Deep down inside, I wanted to be better and I didn’t know exactly how to move onto that path.
A heart of surrender.
October 1, 2017.
This is the date that shifted and restored my faith. There was a church I had been attending for quite some time. I enjoyed every thing that was taught and I began to develop great relationships within the congregation.
As the pastor was finishing up his message, I remember hearing him say, “How long are you going to date us?” Instantly, I became overwhelmed by the Holy Spirit. Prior to the service, I asked God on should I become a partner with the church. I didn’t want to abandon my home church, but I recognized my growth while being in regular attendance at the new church.
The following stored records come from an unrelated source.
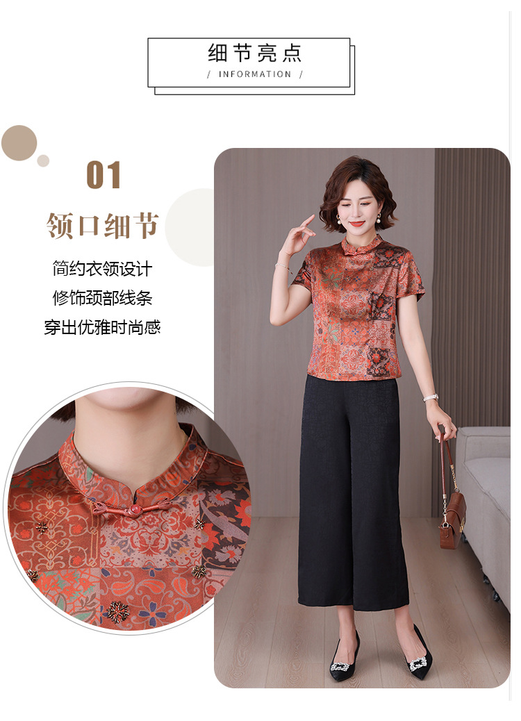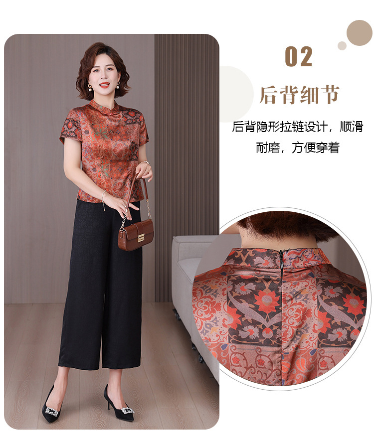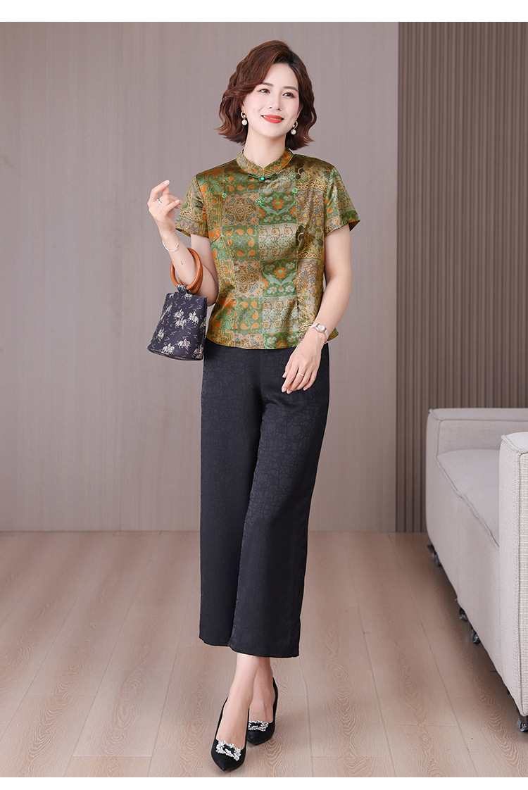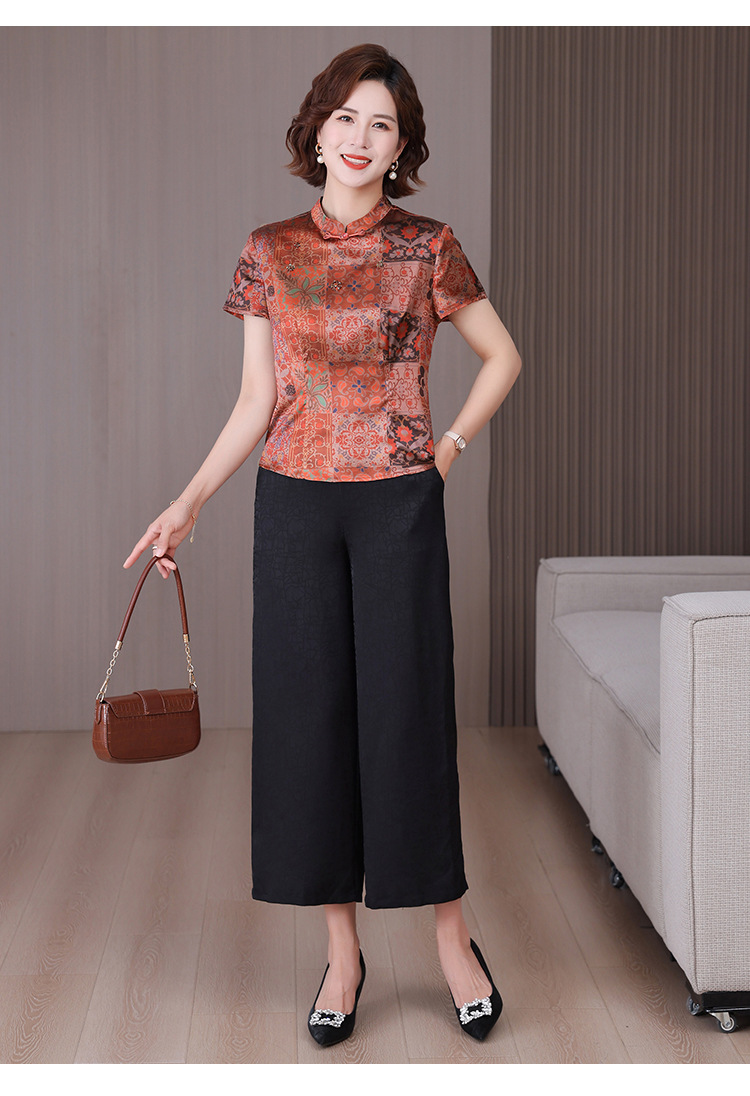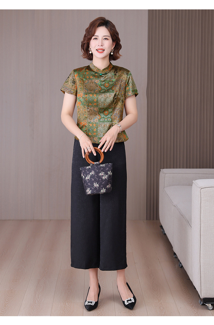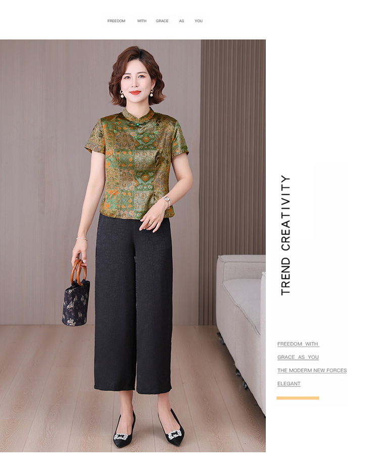 A34494品质气质妈妈新中式时尚复古钉珠真丝短款衬衫阔腿裤二件套装夏
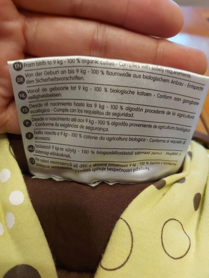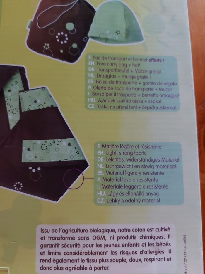 Sling écharpe de portage porte bébé a anneaux physiologique. Neuf dans sa boite. Reçu en cadeau mais pas a l'aise avec le sling j'ai préféré l'écharpe de portage et le porte bb physio donc jamais utilisé ni laver. Juste sorti pour faire les photos. En coton bio. Vert pomme et marron. 18€.
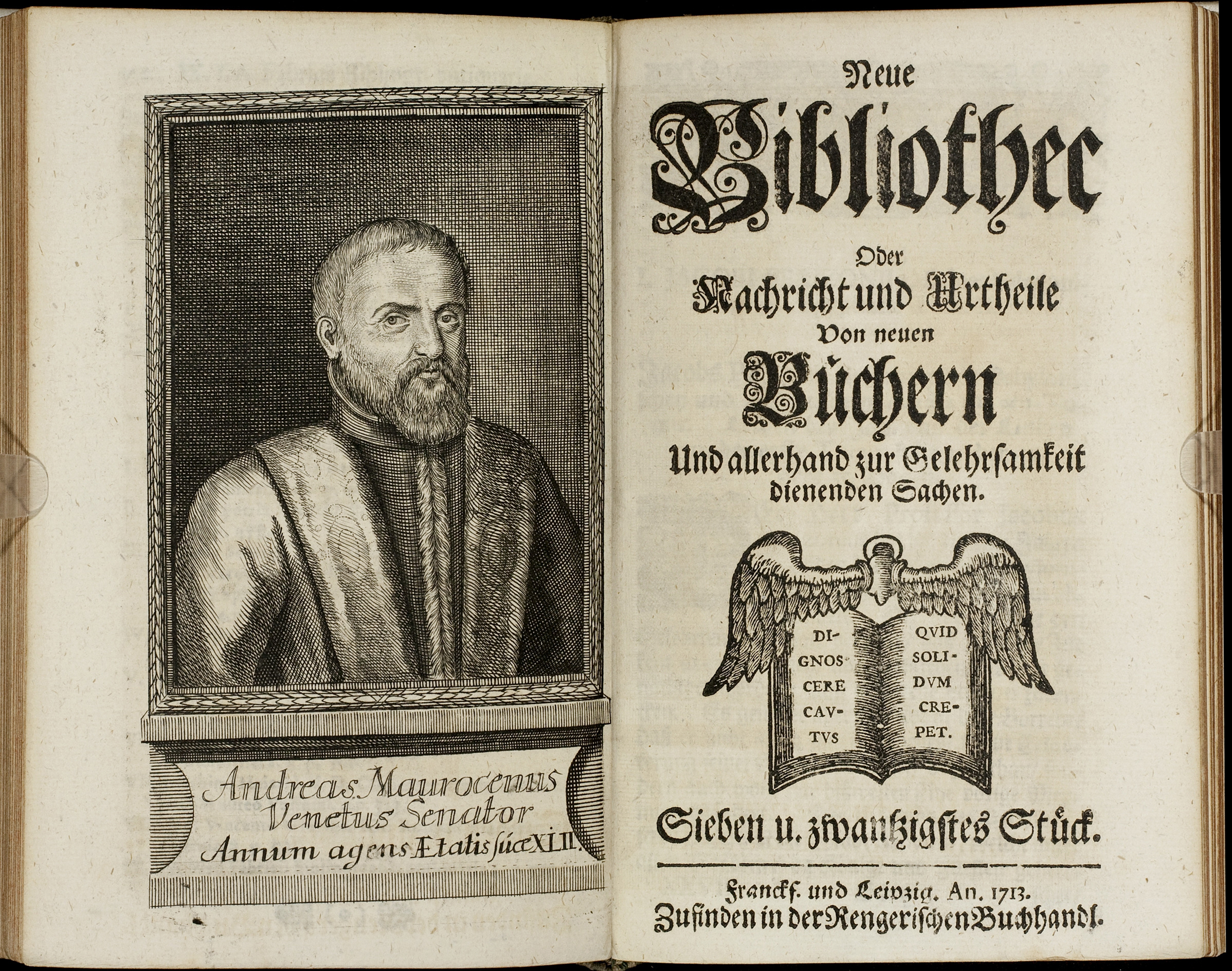 Porträt von Morosini, Andrea  (Neue Bibliothec oder Nachricht und Urtheile von neuen Büchern., 1713, 27. St., ungez. Bl. vor S. 555. [Doppelseite])
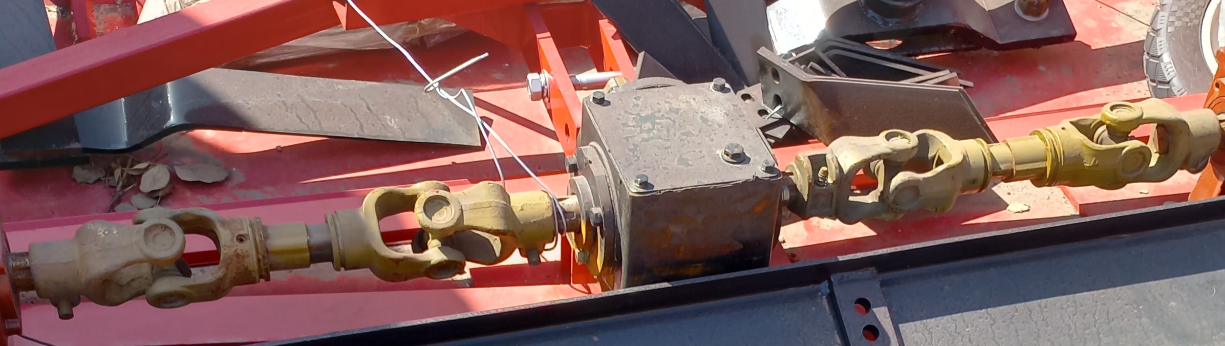 У редуктора передаточное отношение 1:1, т.е. если на входе 540-1000 об./мин, то и на выходе 540 -1000 об/мин, вращение двухстороннее. Валы крутятся в одном направлении, в ту сторону, в которую крутит ВОМ. Любой из валов может быть приводным. На фото вариант применения

By him asking that, it was all the confirmation I needed to be a part of one the best churches in the world! Well, to me at least. That simple moment was filled with nostalgia; every good feeling of church came back to me like when I was a little girl! That same day I decided to Re-Dedicate my life to God. And, I proudly made the decision to Re-Present God to the lost and found for transformation in Christ.
(I love my TC Family! ❤️)
Where I am now, it’s been uneasy, yet it is a rewarding journey. I can honestly say surrendering it all to God was the best decision, ever.
Going down in the water is only an example of us leaving sin behind.
When we come up from the water, we are new by allowing God to direct us on our new path.
Faith without works is dead.
We have to allow God to help us take the necessary steps to become new!